Task description: For this task, extract exactly the lines of the data below, from the line containing "教職員が、手分けして、班ごと" through the last one, with pictures left out.
:: Supplied records
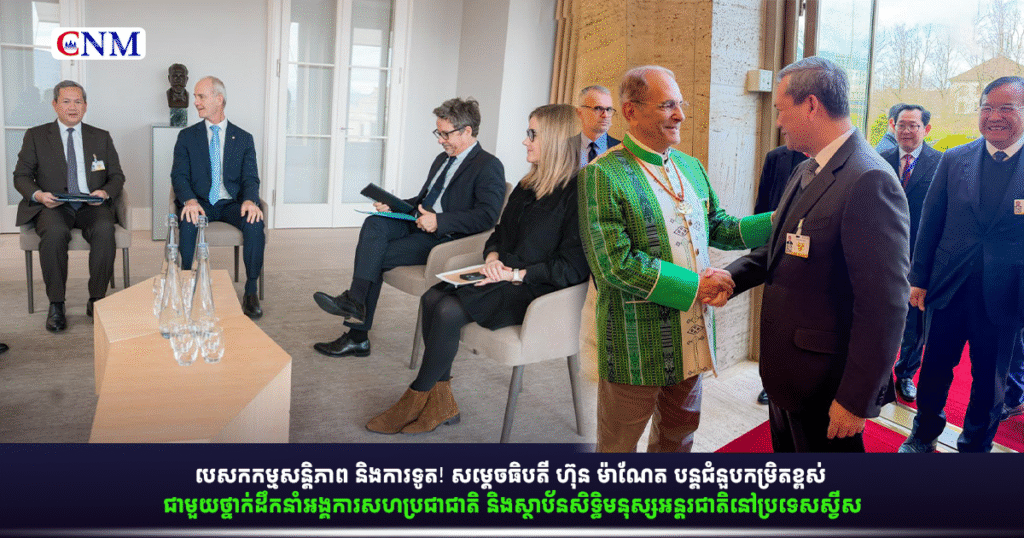 បេសកកម្មសន្តិភាព និងការទូត! សម្ដេចធិបតី ហ៊ុន ម៉ាណែត បន្តជំនួបកម្រិតខ្ពស់ ជាមួយថ្នាក់ដឹកនាំអង្គការសហប្រជាជាតិ និងស្ថាប័នសិទ្ធិមនុស្សអន្តរជាតិនៅប្រទេសស្វីស
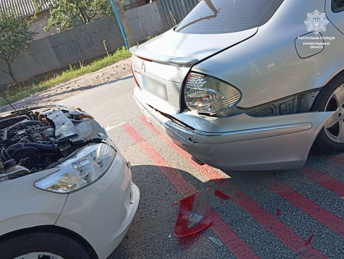 Внаслiдок удару останнiй розпочав некерований рух i скоїв наїзд на автiвку Mercedes-Benz, яка зупинилася попереду.
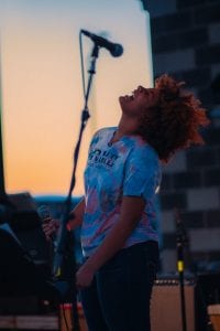 Boyer singing at the August 2019 Sweatstock, at Murphy Park in East Moline.
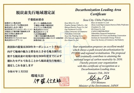 topic · 2024/01/16 【匝瑳市】脱炭素先行地域選定証をいただきました! 2023年11月7日に匝瑳市が「脱炭素先行地域」に選定され、2024年1月15日に行われた「第4回脱炭素先行地域選定証授与式」で共同提案企業として「脱炭素先行地域選定証」をいただきました! tagPlaceholderカテゴリ:
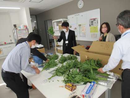 教職員が、手分けして、班ごとに分けたり、咲いてしまわぬよう水を切り口に付けたり準備をしました。
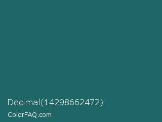 Decimal 14298662472 Color is a dark cyan color and the nearest color is Casal #2f6168. Hex code #206568 and RGB value is rgb(32,101,104). In RGB color space, this color is composed of 13% red, 40% green, 41% blue, In CMYK color space, this color is composed of 69% cyan, 3% magenta, 0% yellow , 59% black , In HSL color space, this color has a hue angle of 183° , 53% saturation and 27% lightness.
::::
Answer:
 教職員が、手分けして、班ごとに分けたり、咲いてしまわぬよう水を切り口に付けたり準備をしました。
 Decimal 14298662472 Color is a dark cyan color and the nearest color is Casal #2f6168. Hex code #206568 and RGB value is rgb(32,101,104). In RGB color space, this color is composed of 13% red, 40% green, 41% blue, In CMYK color space, this color is composed of 69% cyan, 3% magenta, 0% yellow , 59% black , In HSL color space, this color has a hue angle of 183° , 53% saturation and 27% lightness.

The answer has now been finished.